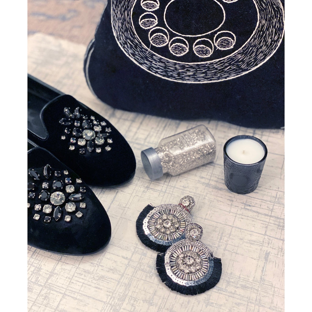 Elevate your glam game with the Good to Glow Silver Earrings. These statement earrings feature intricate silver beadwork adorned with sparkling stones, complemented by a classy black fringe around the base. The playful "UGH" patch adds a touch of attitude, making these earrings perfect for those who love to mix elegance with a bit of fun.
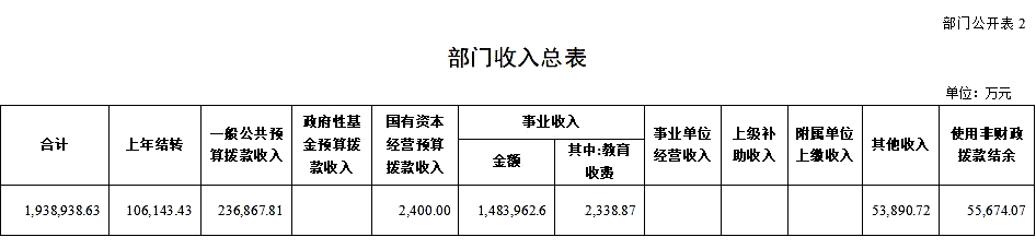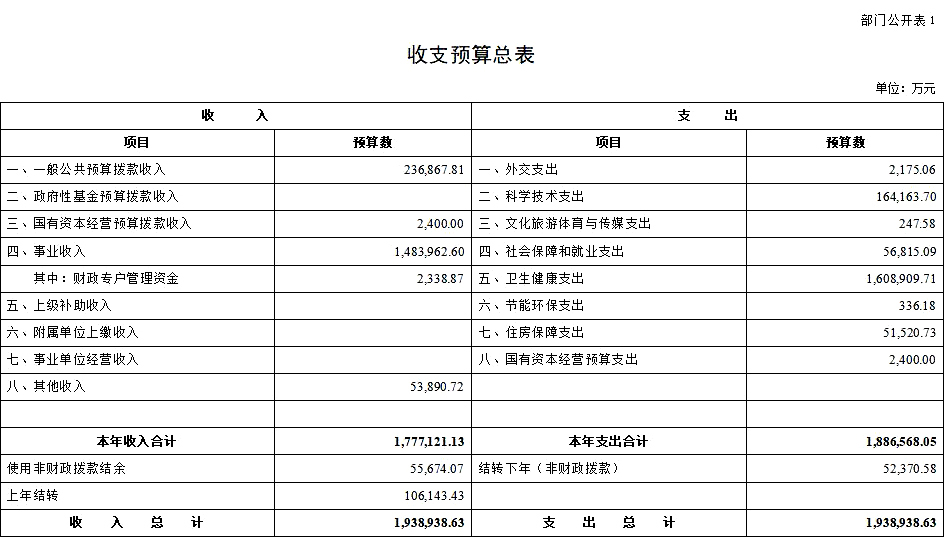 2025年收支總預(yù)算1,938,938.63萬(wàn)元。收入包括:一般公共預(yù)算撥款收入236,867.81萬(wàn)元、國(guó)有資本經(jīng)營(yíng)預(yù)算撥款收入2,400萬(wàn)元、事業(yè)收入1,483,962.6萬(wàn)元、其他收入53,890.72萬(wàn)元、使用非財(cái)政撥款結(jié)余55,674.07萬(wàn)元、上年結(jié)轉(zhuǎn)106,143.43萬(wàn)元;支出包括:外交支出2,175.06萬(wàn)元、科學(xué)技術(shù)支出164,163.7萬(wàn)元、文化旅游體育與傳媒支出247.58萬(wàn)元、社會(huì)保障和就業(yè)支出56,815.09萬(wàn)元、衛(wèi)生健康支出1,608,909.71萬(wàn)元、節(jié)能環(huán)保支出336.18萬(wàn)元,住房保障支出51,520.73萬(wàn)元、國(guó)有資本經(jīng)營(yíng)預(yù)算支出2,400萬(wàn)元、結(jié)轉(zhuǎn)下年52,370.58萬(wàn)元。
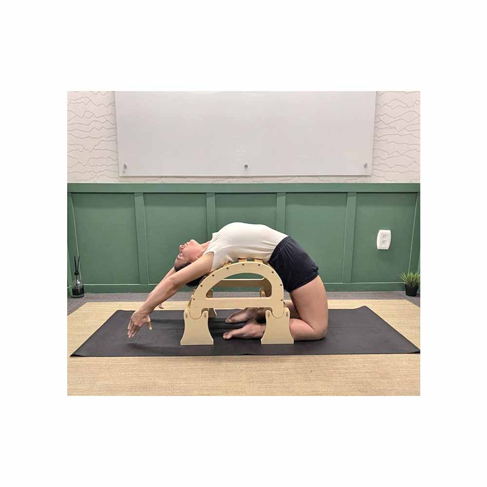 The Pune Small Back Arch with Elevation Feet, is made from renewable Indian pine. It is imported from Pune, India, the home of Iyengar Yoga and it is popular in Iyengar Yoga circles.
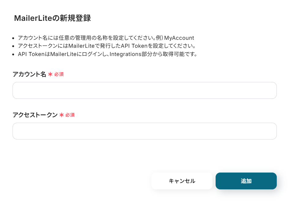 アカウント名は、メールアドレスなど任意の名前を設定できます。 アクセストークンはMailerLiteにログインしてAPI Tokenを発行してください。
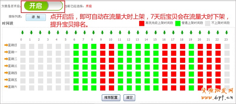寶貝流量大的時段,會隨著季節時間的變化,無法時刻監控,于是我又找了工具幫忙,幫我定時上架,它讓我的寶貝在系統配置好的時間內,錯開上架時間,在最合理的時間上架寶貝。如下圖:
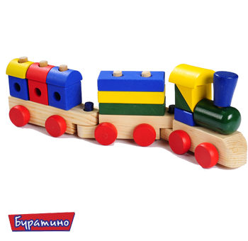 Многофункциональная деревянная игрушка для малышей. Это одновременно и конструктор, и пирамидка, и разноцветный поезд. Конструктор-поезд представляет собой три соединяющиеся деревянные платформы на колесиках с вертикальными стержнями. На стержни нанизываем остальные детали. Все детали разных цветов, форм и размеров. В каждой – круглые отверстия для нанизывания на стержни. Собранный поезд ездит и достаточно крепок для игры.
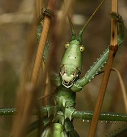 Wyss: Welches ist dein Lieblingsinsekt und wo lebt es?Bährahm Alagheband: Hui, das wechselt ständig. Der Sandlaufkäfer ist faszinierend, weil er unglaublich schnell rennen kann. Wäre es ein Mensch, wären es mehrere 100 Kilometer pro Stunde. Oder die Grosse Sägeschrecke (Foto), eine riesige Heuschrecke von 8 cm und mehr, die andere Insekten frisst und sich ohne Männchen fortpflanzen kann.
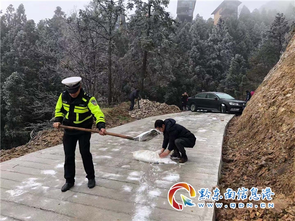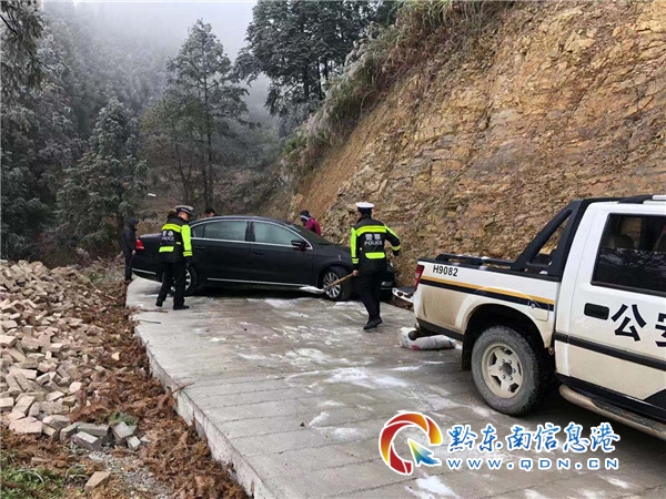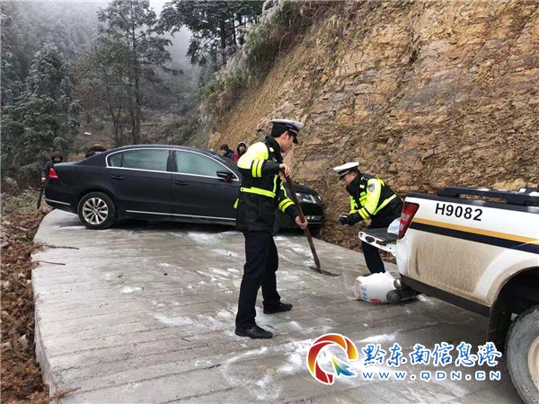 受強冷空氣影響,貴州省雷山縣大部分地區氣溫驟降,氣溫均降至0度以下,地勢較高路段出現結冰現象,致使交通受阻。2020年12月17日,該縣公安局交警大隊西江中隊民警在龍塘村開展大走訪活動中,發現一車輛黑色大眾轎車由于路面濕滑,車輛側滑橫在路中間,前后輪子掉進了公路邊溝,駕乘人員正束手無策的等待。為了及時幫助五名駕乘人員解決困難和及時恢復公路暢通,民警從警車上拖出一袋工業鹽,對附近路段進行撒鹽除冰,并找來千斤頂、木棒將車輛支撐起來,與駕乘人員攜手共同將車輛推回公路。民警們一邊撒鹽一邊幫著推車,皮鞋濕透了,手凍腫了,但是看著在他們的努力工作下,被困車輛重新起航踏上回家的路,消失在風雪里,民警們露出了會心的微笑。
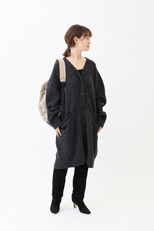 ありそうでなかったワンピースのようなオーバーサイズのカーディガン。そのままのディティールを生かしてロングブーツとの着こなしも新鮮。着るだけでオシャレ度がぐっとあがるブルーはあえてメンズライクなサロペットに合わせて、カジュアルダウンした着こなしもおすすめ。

_ _ _

Would you please print the entries once more, word for word, minus the pictures?

> [Exercise result]:
 Elevate your glam game with the Good to Glow Silver Earrings. These statement earrings feature intricate silver beadwork adorned with sparkling stones, complemented by a classy black fringe around the base. The playful "UGH" patch adds a touch of attitude, making these earrings perfect for those who love to mix elegance with a bit of fun.
 2025年收支總預(yù)算1,938,938.63萬(wàn)元。收入包括:一般公共預(yù)算撥款收入236,867.81萬(wàn)元、國(guó)有資本經(jīng)營(yíng)預(yù)算撥款收入2,400萬(wàn)元、事業(yè)收入1,483,962.6萬(wàn)元、其他收入53,890.72萬(wàn)元、使用非財(cái)政撥款結(jié)余55,674.07萬(wàn)元、上年結(jié)轉(zhuǎn)106,143.43萬(wàn)元;支出包括:外交支出2,175.06萬(wàn)元、科學(xué)技術(shù)支出164,163.7萬(wàn)元、文化旅游體育與傳媒支出247.58萬(wàn)元、社會(huì)保障和就業(yè)支出56,815.09萬(wàn)元、衛(wèi)生健康支出1,608,909.71萬(wàn)元、節(jié)能環(huán)保支出336.18萬(wàn)元,住房保障支出51,520.73萬(wàn)元、國(guó)有資本經(jīng)營(yíng)預(yù)算支出2,400萬(wàn)元、結(jié)轉(zhuǎn)下年52,370.58萬(wàn)元。
 The Pune Small Back Arch with Elevation Feet, is made from renewable Indian pine. It is imported from Pune, India, the home of Iyengar Yoga and it is popular in Iyengar Yoga circles.
 アカウント名は、メールアドレスなど任意の名前を設定できます。 アクセストークンはMailerLiteにログインしてAPI Tokenを発行してください。
寶貝流量大的時段,會隨著季節時間的變化,無法時刻監控,于是我又找了工具幫忙,幫我定時上架,它讓我的寶貝在系統配置好的時間內,錯開上架時間,在最合理的時間上架寶貝。如下圖:
 Многофункциональная деревянная игрушка для малышей. Это одновременно и конструктор, и пирамидка, и разноцветный поезд. Конструктор-поезд представляет собой три соединяющиеся деревянные платформы на колесиках с вертикальными стержнями. На стержни нанизываем остальные детали. Все детали разных цветов, форм и размеров. В каждой – круглые отверстия для нанизывания на стержни. Собранный поезд ездит и достаточно крепок для игры.
 Wyss: Welches ist dein Lieblingsinsekt und wo lebt es?Bährahm Alagheband: Hui, das wechselt ständig. Der Sandlaufkäfer ist faszinierend, weil er unglaublich schnell rennen kann. Wäre es ein Mensch, wären es mehrere 100 Kilometer pro Stunde. Oder die Grosse Sägeschrecke (Foto), eine riesige Heuschrecke von 8 cm und mehr, die andere Insekten frisst und sich ohne Männchen fortpflanzen kann.
 受強冷空氣影響,貴州省雷山縣大部分地區氣溫驟降,氣溫均降至0度以下,地勢較高路段出現結冰現象,致使交通受阻。2020年12月17日,該縣公安局交警大隊西江中隊民警在龍塘村開展大走訪活動中,發現一車輛黑色大眾轎車由于路面濕滑,車輛側滑橫在路中間,前后輪子掉進了公路邊溝,駕乘人員正束手無策的等待。為了及時幫助五名駕乘人員解決困難和及時恢復公路暢通,民警從警車上拖出一袋工業鹽,對附近路段進行撒鹽除冰,并找來千斤頂、木棒將車輛支撐起來,與駕乘人員攜手共同將車輛推回公路。民警們一邊撒鹽一邊幫著推車,皮鞋濕透了,手凍腫了,但是看著在他們的努力工作下,被困車輛重新起航踏上回家的路,消失在風雪里,民警們露出了會心的微笑。
 ありそうでなかったワンピースのようなオーバーサイズのカーディガン。そのままのディティールを生かしてロングブーツとの着こなしも新鮮。着るだけでオシャレ度がぐっとあがるブルーはあえてメンズライクなサロペットに合わせて、カジュアルダウンした着こなしもおすすめ。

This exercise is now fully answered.